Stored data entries
== Segment start ==

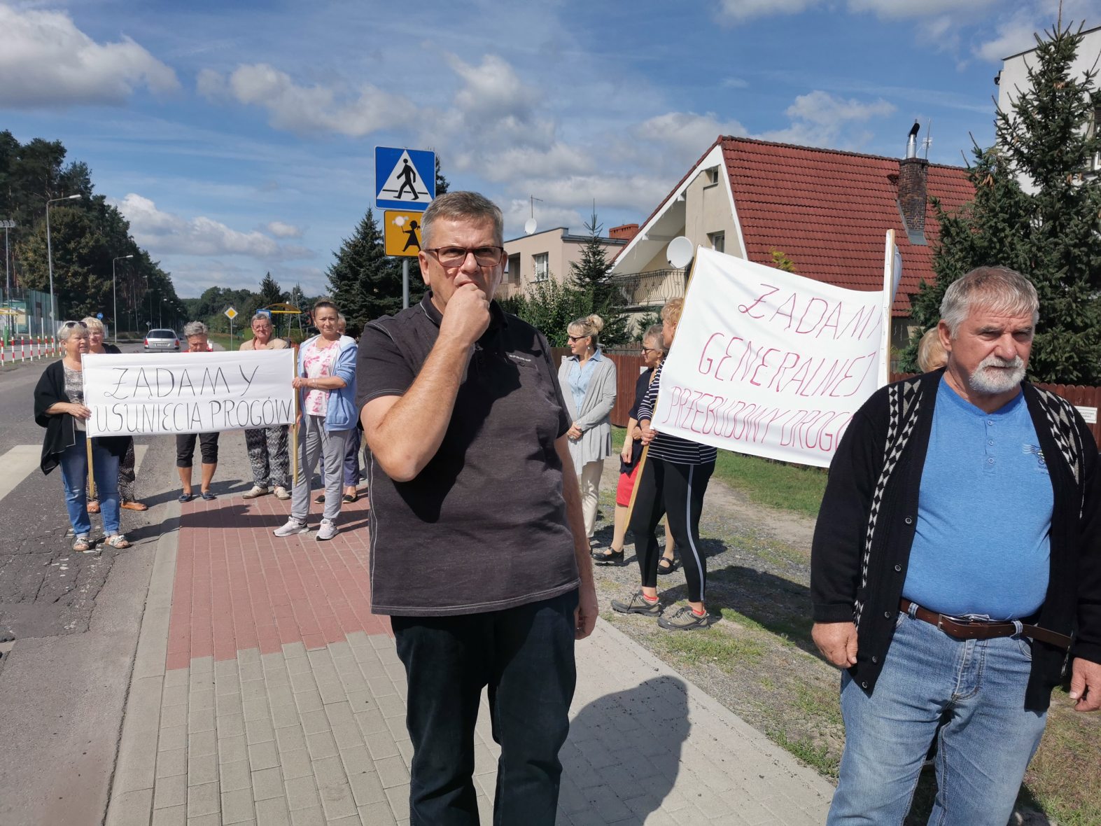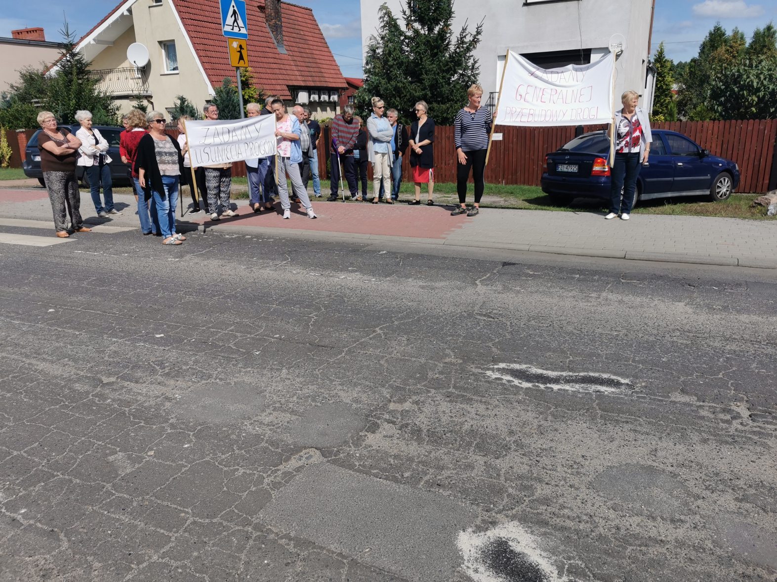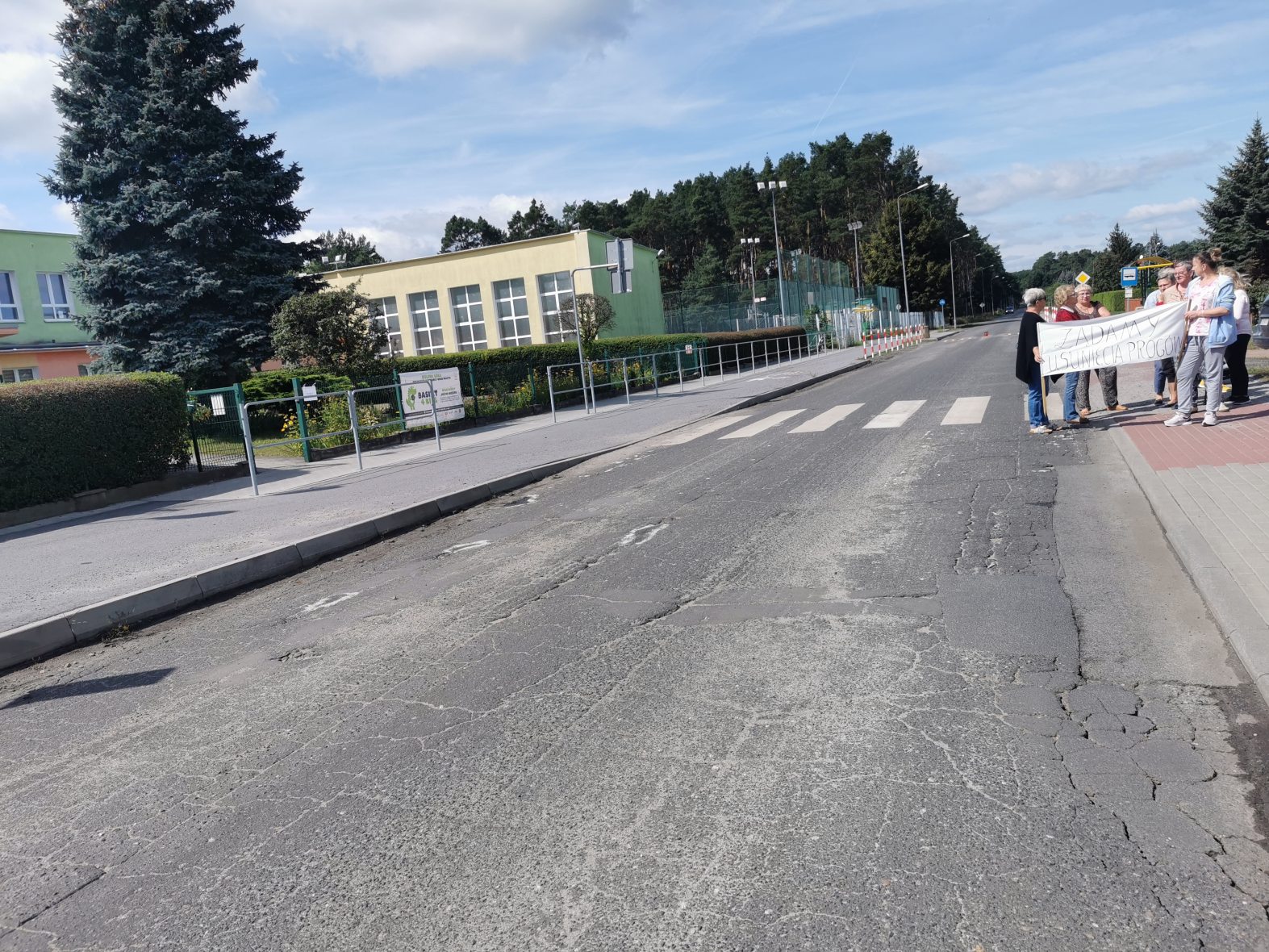 Chodzi o zły stan tej drogi oraz o wpływ progów zwalniających na pobliskie domy. Zdaniem mieszkańców wibracje spowodowane najeżdżaniem na progi powodują uszkodzenia ich domów. Od 12:30 kilkunastu zielonogórzan blokowało ul. Szkolną przechodząc z transparentami przez przejście dla pieszych.
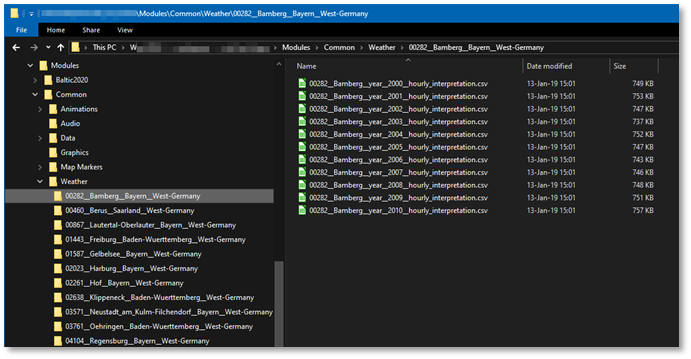 The format for hourly weather data files is: *_year__####_*.csv. In words, the filename should contain a part ‘_year_’ followed by the year (as four digits) and be a .csv file. For example, ‘00282__Bamberg__year__2010__hourly_interpretation.csv’.
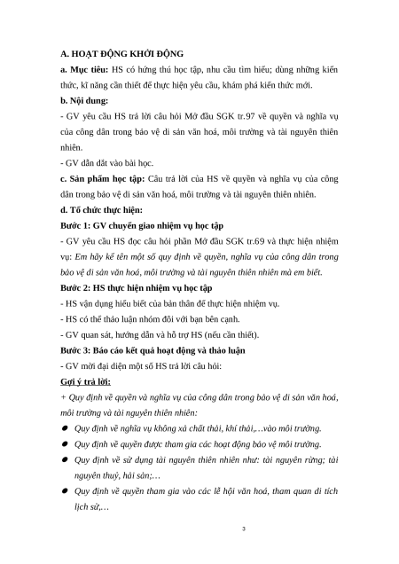 của công dân trong bảo vệ di sản văn hoá, môi trường và tài nguyên thiên nhiên. 3. Phẩm chất:
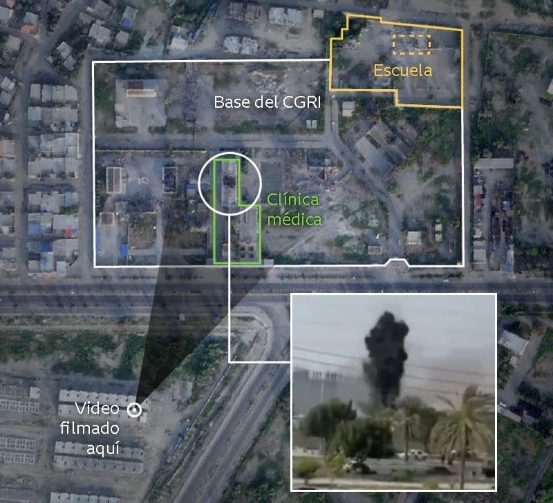 Un video publicado el domingo por la agencia de noticias semioficial iraní Mehr, cuya autenticidad ha sido confirmada por BBC Verify, muestra un misil momentos antes de impactar en una base del Cuerpo de la Guardia Revolucionaria de Irán (CGRI) junto a la escuela primaria Shajareh Tayebeh en Minab.
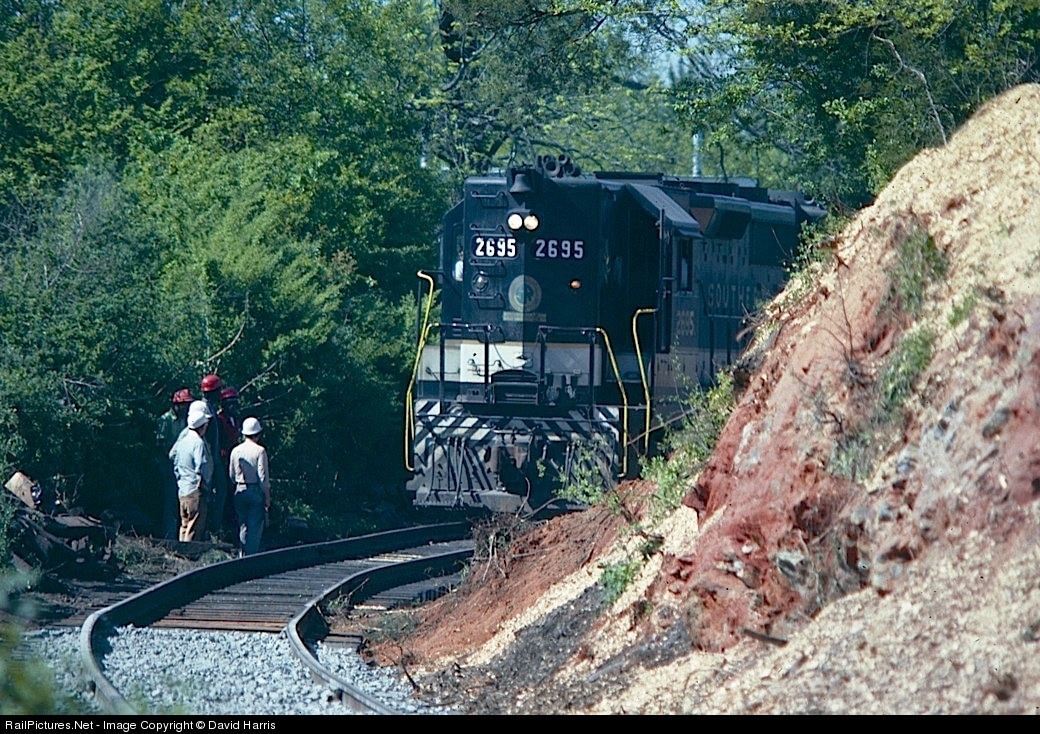 | Southern 2695 backs a wreck train around the curve just north of downtown as a work crew waits near the wreck site. The Man O' War has been gone for years, but the curve still has a fair degree of superelevation. That red clay looks a bit strange because it is covered with wood chips from an upside-down hopper on top of the bank. |
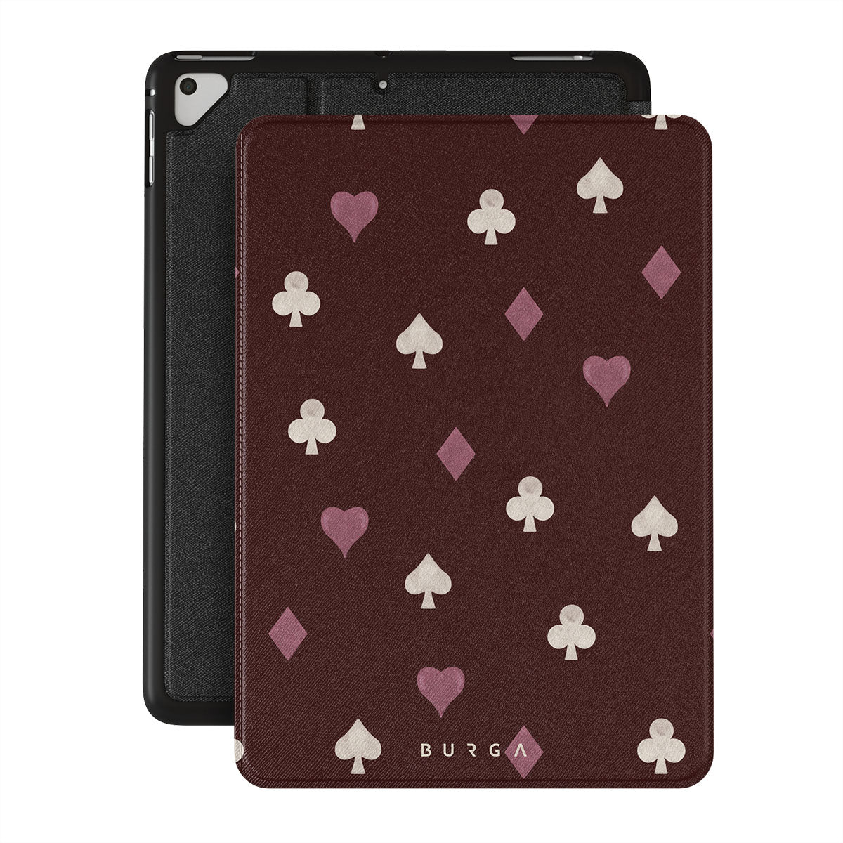 Nothing is as it appears. Hearts, clubs, diamonds, and spades—stacked in your favor or playing against you? This iPad 9.7 (6th/5th Gen) folio case design features a rich burgundy background and minimalist suits that make for a game where the rules are constantly shifting.

== Segment end ==

Transcribe the lines above exactly, beginning at the one with "Un video publicado" and ending at the one with "the bank. |". Include both; exclude the pictures.

 Un video publicado el domingo por la agencia de noticias semioficial iraní Mehr, cuya autenticidad ha sido confirmada por BBC Verify, muestra un misil momentos antes de impactar en una base del Cuerpo de la Guardia Revolucionaria de Irán (CGRI) junto a la escuela primaria Shajareh Tayebeh en Minab.
 | Southern 2695 backs a wreck train around the curve just north of downtown as a work crew waits near the wreck site. The Man O' War has been gone for years, but the curve still has a fair degree of superelevation. That red clay looks a bit strange because it is covered with wood chips from an upside-down hopper on top of the bank. |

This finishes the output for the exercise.